Когда все они уже вышли из кабинета и Яков запирал хитрый замок на три оборота ключа, несмотря на переполнявшую его радость, чекист не мог не думать: «а для чего всё-таки Лариса явилась к нему сама, да ещё и с Кирсановым?» О том, что он позвонит ей, «полпредша» едва ли догадывалась, он сам решился это сделать, так сказать, экспромтом. А раз она не знала темы предстоящего разговора – для чего ей был нужен жандарм рядом?
В свою Москву пригласить?
Так это и по телефону легко сделать. «Жду, мол, вас, Яков Савельевич, тогда-то и там-то. Форма одежды – свободная…»
Или – у них была какая-то цель, но он, Агранов, своим сообщением их планы поломал и вынудил работать по другому, наскоро придуманному сценарию?
Интересно, интересно…
Волович отправился на первую прогулку в Москву с очень большой опаской. Наслышан был о бешеном разгуле преступности во времена НЭПа, книги читал, фильмы смотрел вроде «Рождённая революцией» и «Путёвка в жизнь». С другой стороны – красть и отнимать у него было совершенно нечего. Гол, как сокол [59] . Оттого в этом смысле можно было быть относительно спокойным.
Гораздо страшнее был сам факт погружения в чужую, давно исчезнувшую жизнь. Вроде как схождение в Аид. Ведь абсолютно все люди, что он здесь увидел и ещё увидит, – давно умерли. Едва ли есть хоть один, кого Михаил мог бы встретить там, у себя – живым. А это очень неприятно – оказаться среди бесконечного числа покойников, прикидывающихся «не-мёртвыми». Он-то и на кладбищах бывать не выносил, скопление могильных плит вокруг Воловича буквально душило, а ещё хуже – непрерывное мелькание перед глазами дат, разделённых чёрточкой. Ум за разум заходил от беспрестанных упражнений на вычитание и автоматического сравнения возраста покойников с собственным.

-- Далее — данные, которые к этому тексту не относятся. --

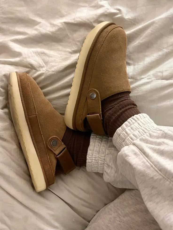 False advert! Slicing my ankle up the moment I tried it on. Tiktok shop sellers are going to say its comfy but the sole is so hard and chunky! Don't waste your money and spend a bit more on an UGG goldenstar clog for better quality! This ain't it!
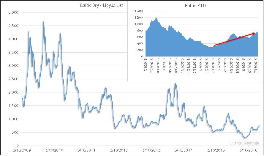 Shipping names are rebounding strong Thursday morning, as Diana Shipping Inc. (NYSE: DSX) is up over 4 percent, Teekay Tankers Ltd. (NYSE: TNK) added 1.75 percent, Frontline Ltd. (NYSE: FRO) is up about 2.75 percent and Euronav NV (NYSE: EURN) is up over 3.35 percent. However, the broadly followed The Guggenheim Shipping ETF (NYSE: SEA) has declined 6 percent since the beginning of 2016.
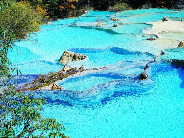 china_945 Huanglong (simplified Chinese: 黄龙; traditional Chinese: 黃龍; pinyin: Huánglóng; lit. 'yellow dragon') is a scenic and historic interest area in the northwest part of Sichuan, China. It is located in the southern part of the Minshan mountain range, 370 ki Date: 5/10/2023 Huanglong (simplified Chinese: 黄龙; traditional Chinese: 黃龍; pinyin: Huánglóng; lit. 'yellow dragon') is a scenic and historic interest area in the northwest part of Sichuan, China. It is located in the southern part of the Minshan mountain range, 370 kilometres (230 mi) north-northwest of the capital Chengdu.[1] This area is known for its colorful travertine pools formed by calcite deposits, especially in Huanglonggou (Yellow Dragon Gully), as well as diverse forest ecosystems, snow-capped peaks, waterfalls and hot springs. Huanglong is also home to many endangered species including the giant panda and the Sichuan golden snub-nosed monkey.[1] In addition, a large population of the endemic orchid species 'Cypripedium plectrochilum' was discovered at the site [2] Huanglong was declared a World Heritage Site by UNESCO in 1992 because of its outstanding travertine formations, waterfalls and limestone formations as well as its travertine terraces and lakes rating among the three most outstanding examples in the world.
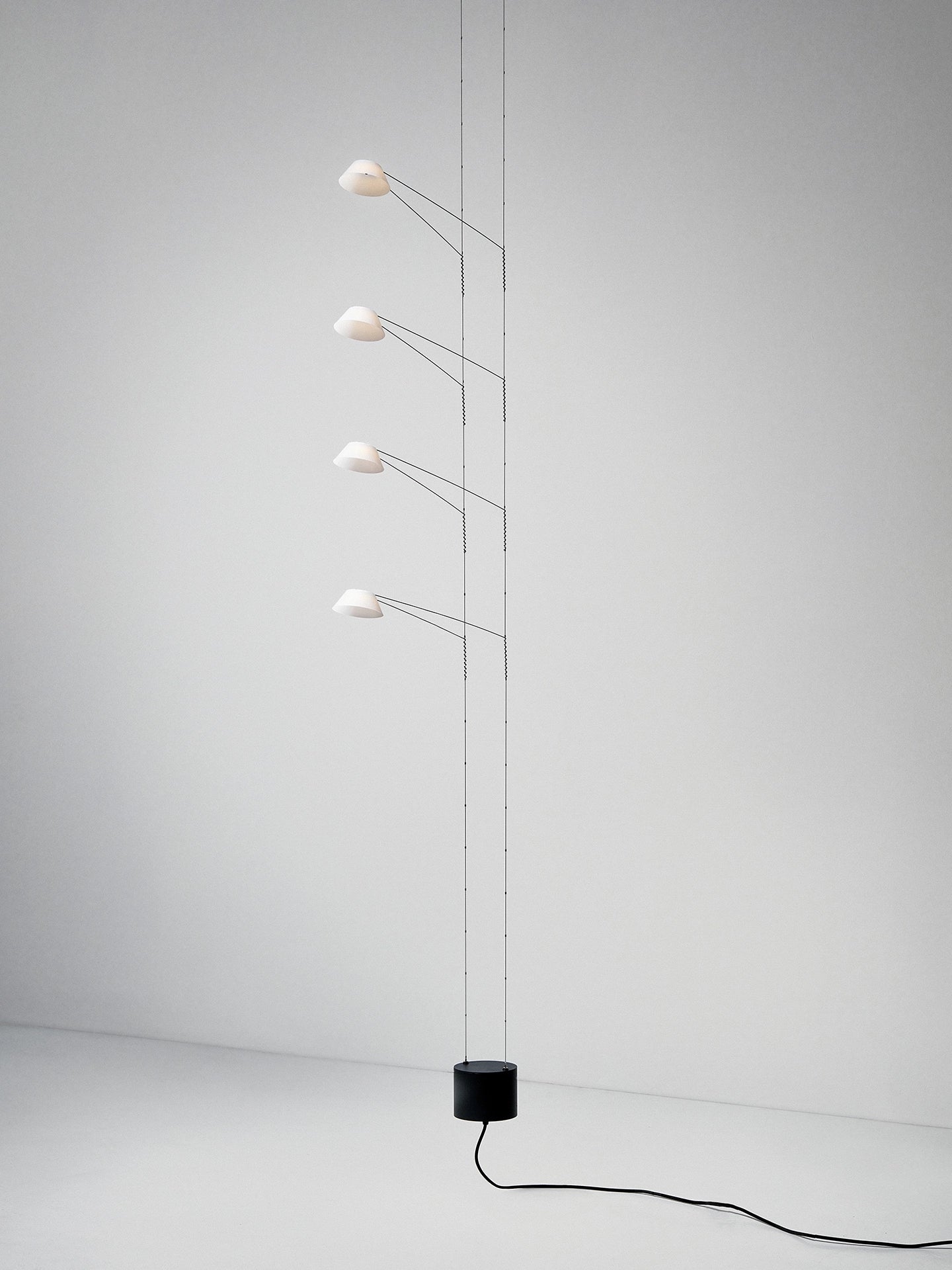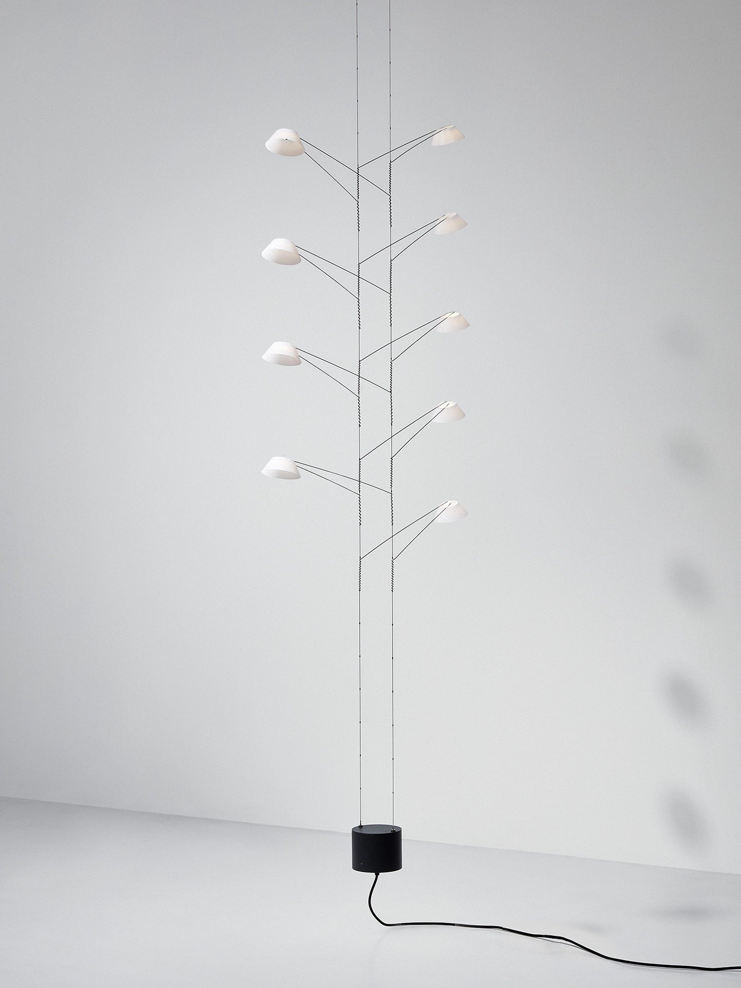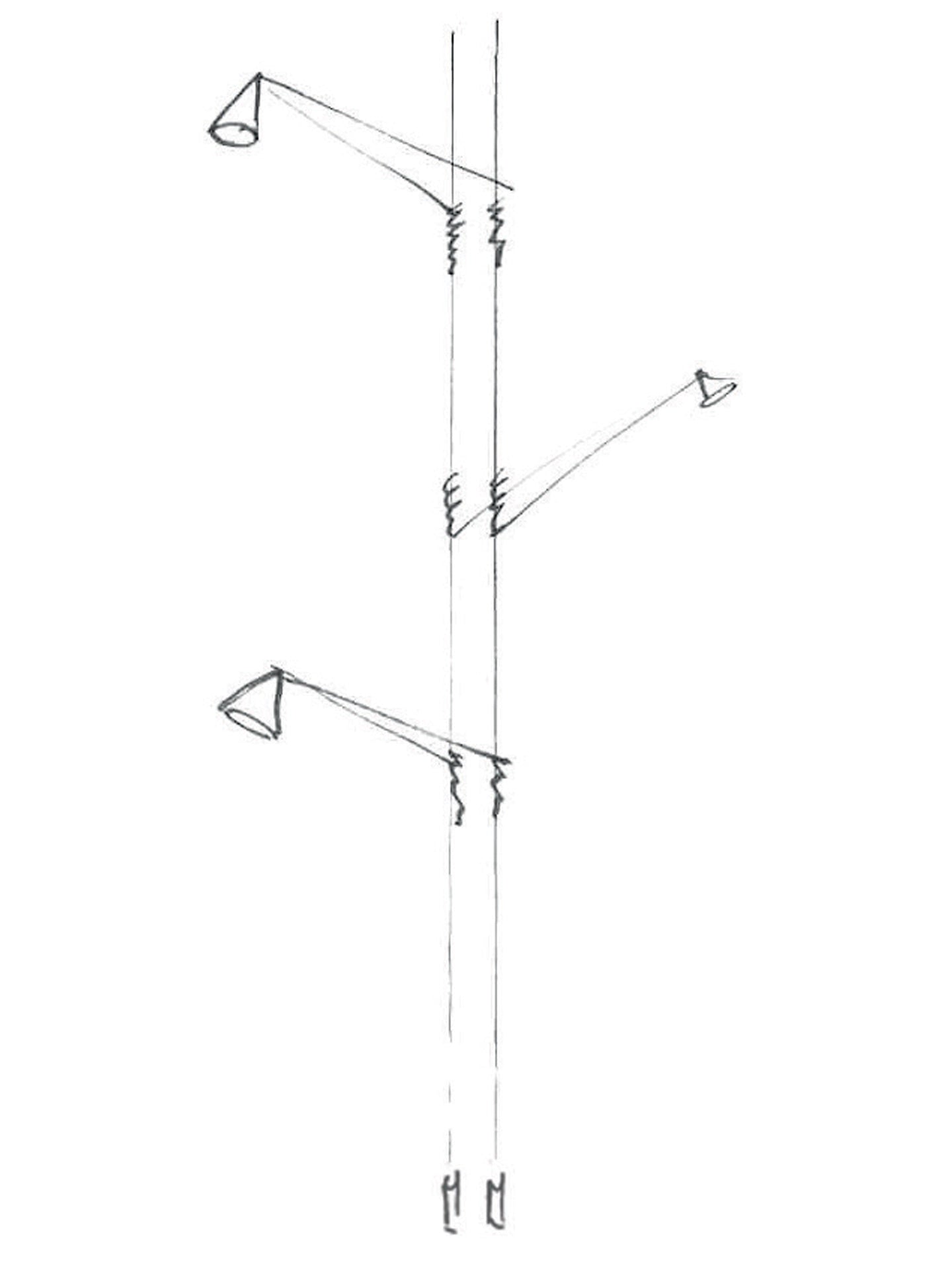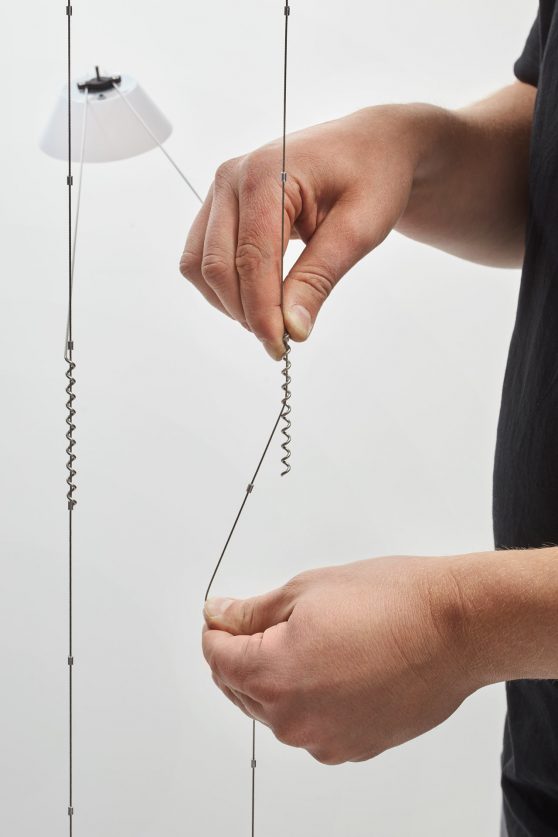 De basisstructuur bestaat uit geëlektrificeerde metalen kabels die aan het plafond zijn bevestigd en door een contragewicht constant onder spanning worden gehouden. De lampbehuizingen zijn op de kabels geplaatst door middel van twee zeer lichte armen die de lichtkop ondersteunen en aan het uiteinde een spiraalvorm hebben.

Однако на самом деле всё оказалось не таким уж страшным. «Человек не скотина, ко всему привыкает».
Подождав всего около получаса на остановке, Михаил втиснулся в трижды переполненный автобус марки «Лейланд», больше похожий на дореволюционный катафалк. Представить было невозможно, как это разболтанное сооружение, нещадно дымящее тридцатисильным, кажется, мотором, ухитрялось влачить полсотни пассажиров по плохой булыжной дороге.
Сразу и навсегда Волович понял, что ни Зощенко, ни Ильф с Петровым ни в коей мере не очерняли «советскую действительность», напротив, весьма её приукрашивали. Просто потому, что для них она была нормой. С некоторыми, заслуживающими порицания отклонениями.
С измятыми чужими локтями боками, оттоптанными ногами, стократно обматерённый и названный разными другими словами за буржуйскую внешность и нерасторопность, он, наконец, вывалился вместе со всей толпою на конечной остановке, на Смоленском рынке.
Зато удалось сэкономить целый пятак: кондуктор так и не смог до него добраться, а передавать рубль через «граждан» Волович справедливо счёл крайней глупостью. Заодно выяснил, что это трамвай во все века и на всех маршрутах стоил три копейки, а автобус как средство более современное и даже роскошное (почти такси) – от пяти копеек до гривенника, зависимо от протяжённости пути.
А пятак, к вашему сведению, – как раз стопка водки «на розлив». Именно в ней Михаил сейчас испытывал немыслимую потребность. Такие переживания, такие приключения, стресс, который не пережила бы половина московских «креаклов» – и четвёртый день ни капли!
Увидев рядом с воротами рынка синий фанерный киоск, на котором красовалась откровенная, лишённая всякого ханжества вывеска «Моссельпром. Водка – пиво», Волович испытал чистую, незамутнённую радость.